It could be interesting for you to have a look at how to deploy a Kubernetes cluster on OVH before reading this article.

Disclaimer

This article is not intended at describing continuous delivery to a production environment. My goal is to show you the basics of gitlab pipelines. To do so we will be “continuously” deploying a Nodejs app to a kubernetes cluster.

Gitlab has recently launch an “auto-devops” feature, it is very interesting and serves as a base of this article, you can find the complete auto-devops pipeline template here. Unfortunatly this feature is really intended for people hosting their app inside google cloud right now (see related issues). Plus I would like to go into the details and unveil the magic being this auto-devops feature :P.

Last but not least, many of the things I will show here could be done differently using other tools like simple npm scripts for example. This is up to you to find the best options for you based on your needs and budget (running jobs has always a cost, at least for our planet).

The goal

I want execute the sequence of actions. I think they are quite self-explanatory so I will not detail them. Again the idea here is not to define a pipeline ready for production but to detail how gitlab pipelines work and can be used to deploy on Kubernetes.
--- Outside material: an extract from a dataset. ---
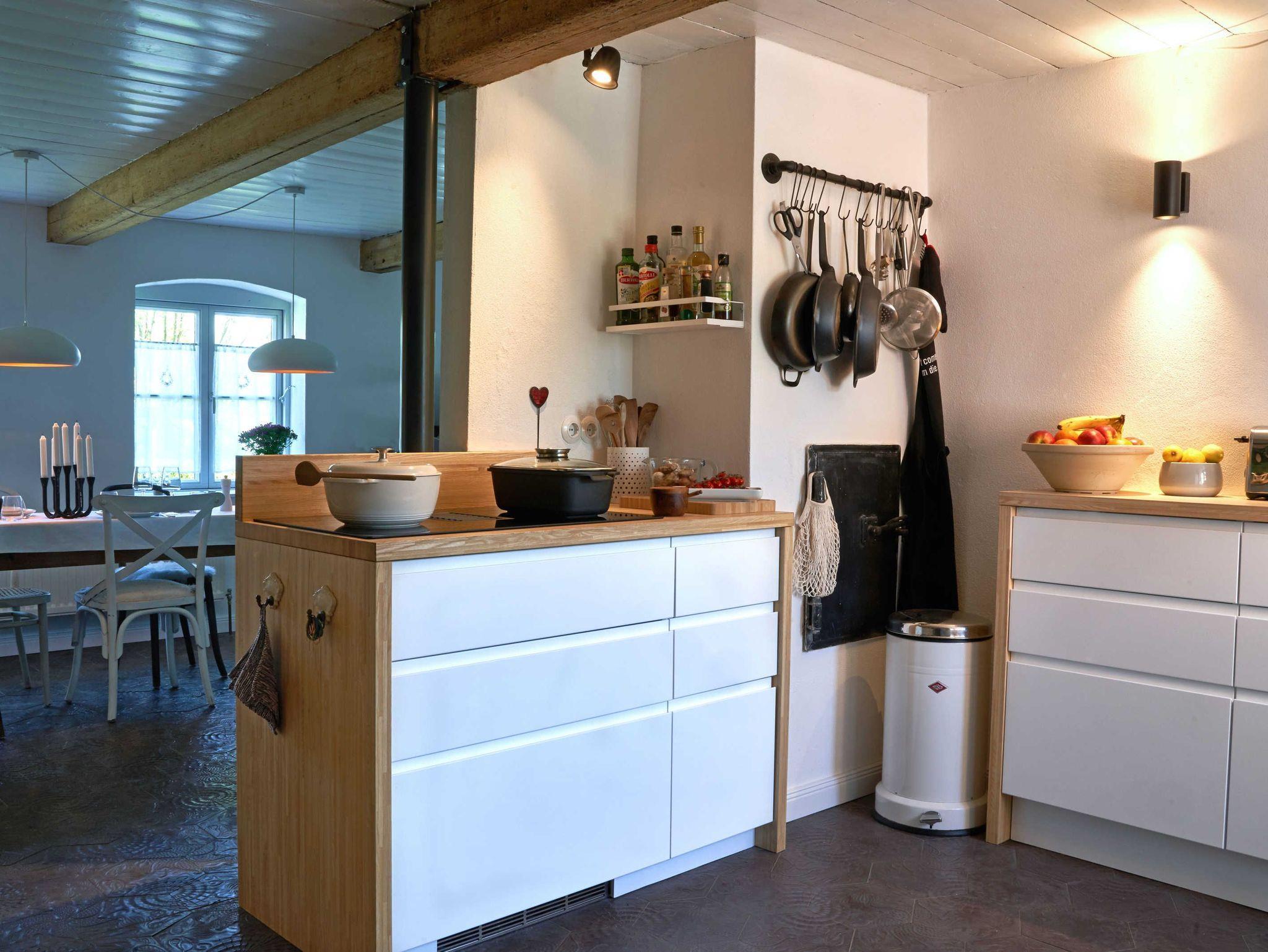 • Wohn- u. Essbereich mit schwenkbarem Wand-TV, Kaminofen und anliegender gut ausgestatteter Küche
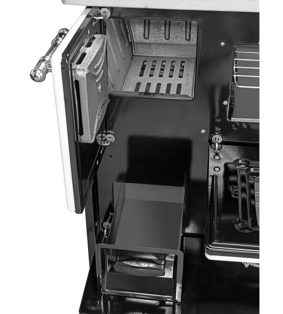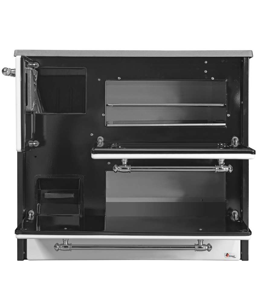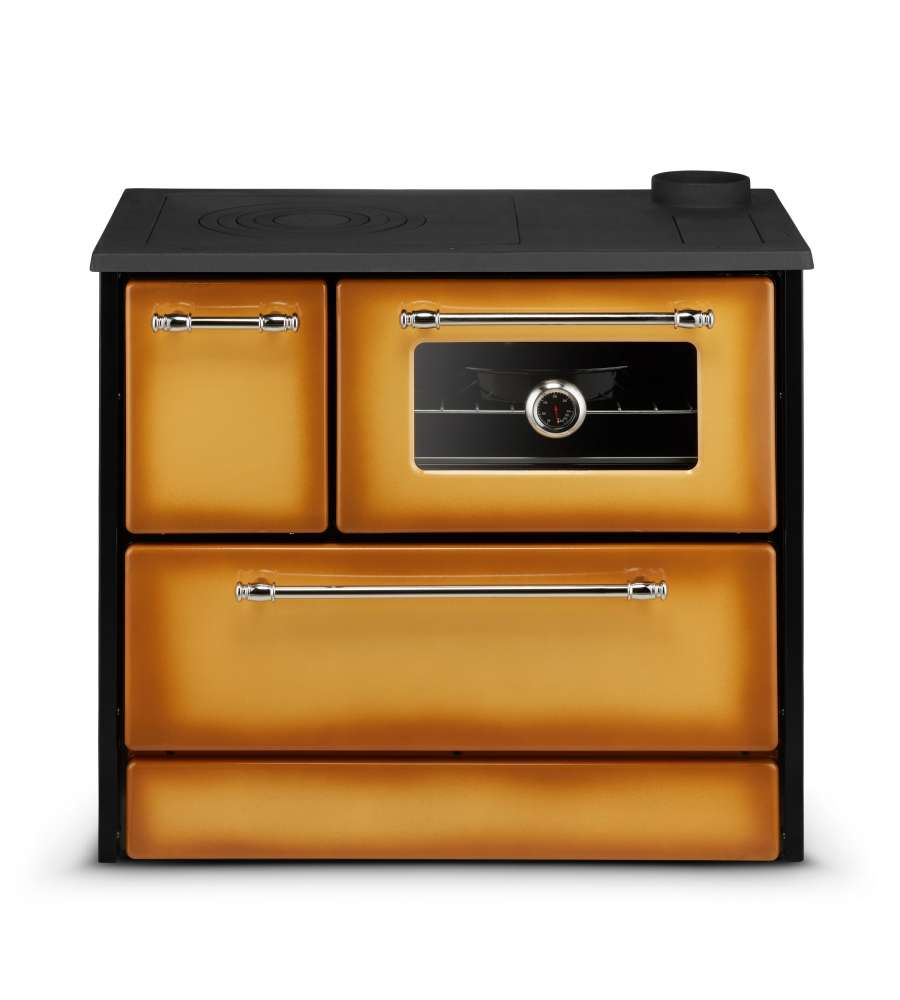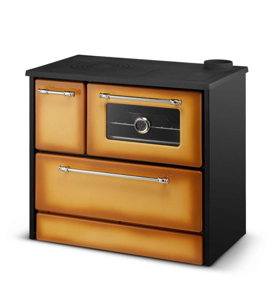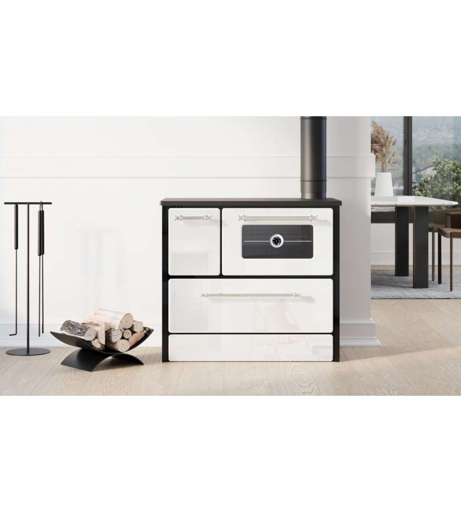 Cucina a legna con potenza di 9 kW, classe energetica A, efficienza 79%. Dimensioni compatte (L 87 x P 51 x H 79 cm), peso 80 kg. Struttura in acciaio/ghisa, uscita fumi 13 cm, consumo 3,47 kg/h. Maniglie cromate e certificazione ECODESIGN.Destinazione d'uso:

Bundling & static analysis Test Build Deploy
Bundle & analyze the code (lint etc.) Tests Build new docker image Deploy on Kubernetes

In the .gitlab-ci.yml it would looke like This

stages:
  - bundle
  - test
  - build
  - deploy

Prerequisites

Creating the jobs

Bundle & static analyzis

I want to use static analysis to enforce as much as possible the quality of the code. As I am using a javascript project, the tools are not as powerfull as what you can find in a statically typed language like Java but they are pretty good now.
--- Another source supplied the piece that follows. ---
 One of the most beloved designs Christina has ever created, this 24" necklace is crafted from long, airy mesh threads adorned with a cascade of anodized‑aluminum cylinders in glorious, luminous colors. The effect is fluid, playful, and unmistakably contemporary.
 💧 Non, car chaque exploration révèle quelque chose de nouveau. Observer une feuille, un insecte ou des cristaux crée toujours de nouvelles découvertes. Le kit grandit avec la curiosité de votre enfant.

Here, I am simply going to lint my code with eslint. You could also have have a look at flow. And to do so I am just going to use my module bundler (Rollup.js) and define eslint as one of the plugin.
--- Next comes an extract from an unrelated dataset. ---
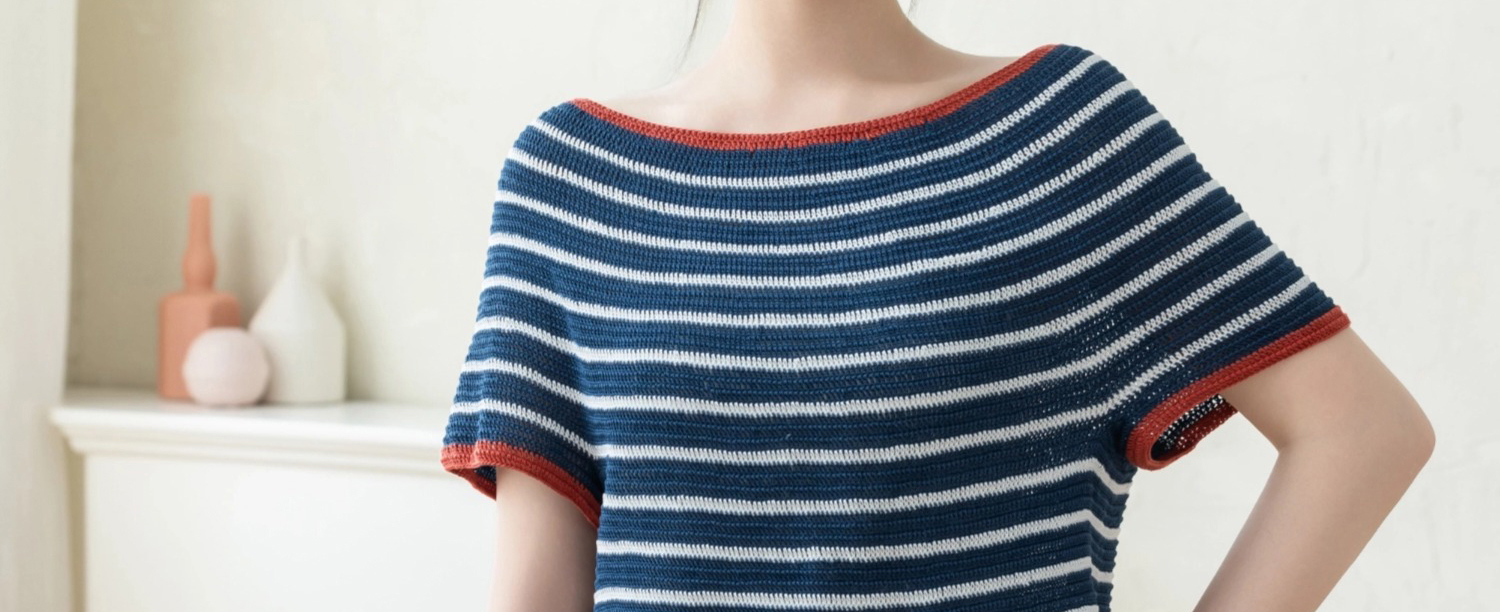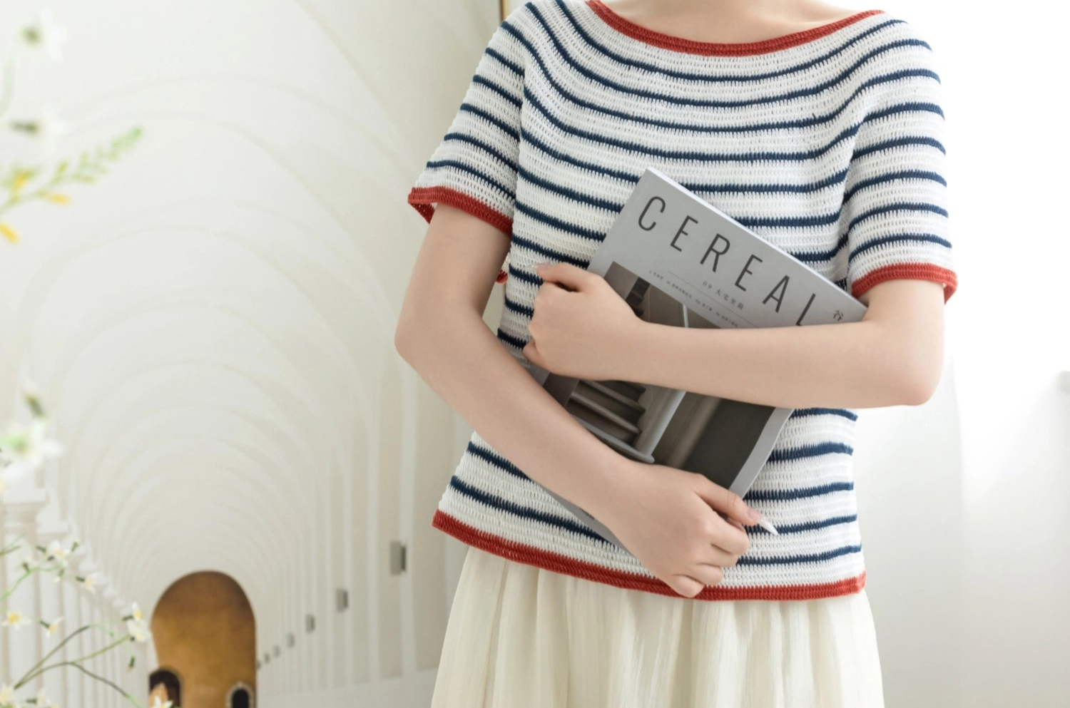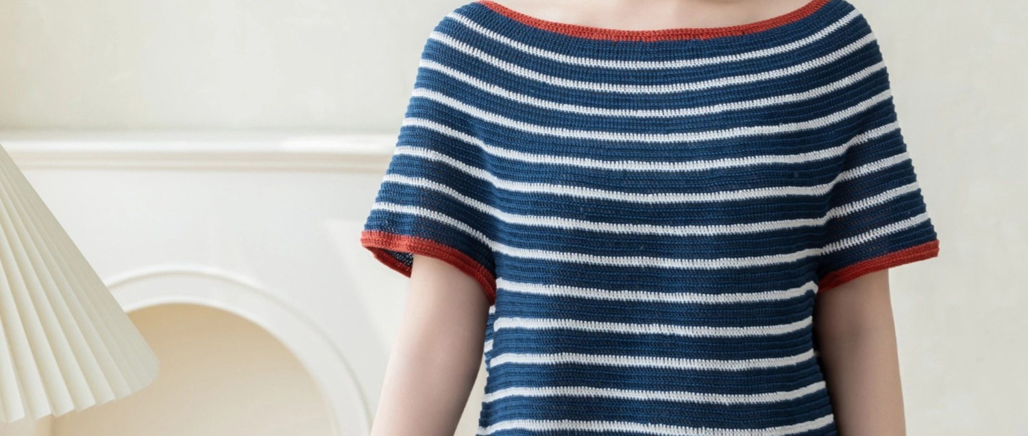 苏苏姐家至简育克条纹短袖手工diy钩针棉线蕾丝衣服毛线团材料包

I am also going to uglify the frontend code to limit the size of the downloaded script. Again I am simply using rollup plugins to do so.

Rollup.js is out of the scope of this article so I will not go into the details of my rollup configuration to keep this article as short as possible. But here is how the rollup plugin section looks for the frontend code.

plugins: [
    eslint({
        configFile: ".eslintrc-frontend.json"
    }),
    uglify()
]

In addition to that inside my package.json, I have created a “build” script that will call rollup to analyze and bundle the code.

"build": "npm run _buildBackend && npm run _buildFrontend",
"_buildBackend": "rollup -c ./rollup.backend.prod.js",
"_buildFrontend": "rollup -c ./rollup.frontend.prod.js",

All I need to do inside my gitlab job is to run this script. To do so I need to be inside an environment where node (& npm) is installed. So I chose a node:alpine linux docker image. I also need to install my project first to retrieve all my dependencies etc.

My “bundle” job looks like this now inside the .gitlab-ci.yml

bundle:
    image: node:alpine
    stage: bundle
    script:
        - npm install
        - npm run build

Test

Test is as easy as the previous job. Note that I am coding everything using es6 syntax so I have to transpile everything to be able the run the tests in node. This part is out of the scope of this article. You can find many articles on the subject right now. And no, IMO Node does not really support es6 just yet (as of July 2018) even with the experimental flags…

Inside my package.json.

"test": "npm run _transpileTest && mocha",
"_transpileTest": "npm run _transpileFrontendTest && npm run _transpileBackendTest",
"_transpileFrontendTest": "rollup -c ./rollup.frontend.test.js",
"_transpileBackendTest": "rollup -c ./rollup.backend.test.js",

My “test” job looks like this now inside the .gitlab-ci.yml

test:
    image: node:alpine
    stage: test
    script:
        - npm install
        - npm test

Build

Now comes the real stuff, we want to create a docker image containing our node js app, deploy it to docker hub so that it can be used by Kubernetes to be deployed. To do so we are going to use a docker image containing docker to be able to launch docker commands.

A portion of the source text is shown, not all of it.